Task details: Restate each line of the listing exactly, without carrying over any pictures.

Provided material:
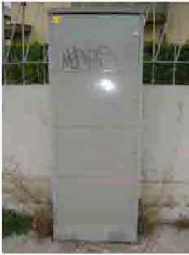
Via A.G. Micheletti 3
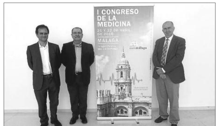
Los organizadores del Congreso.
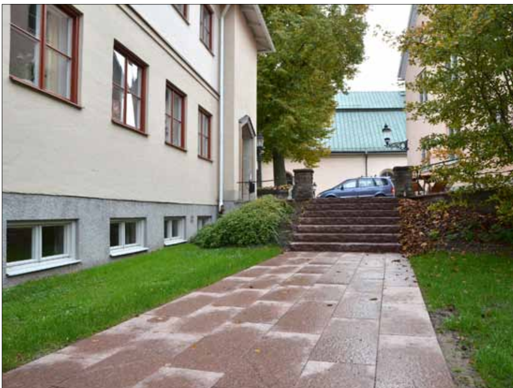
10 Gången mot trappan till parkeringsplatsen efter avslutade arbeten (Slm D13-0039).

Solution to this problem:
Via A.G. Micheletti 3
Los organizadores del Congreso.
10 Gången mot trappan till parkeringsplatsen efter avslutade arbeten (Slm D13-0039).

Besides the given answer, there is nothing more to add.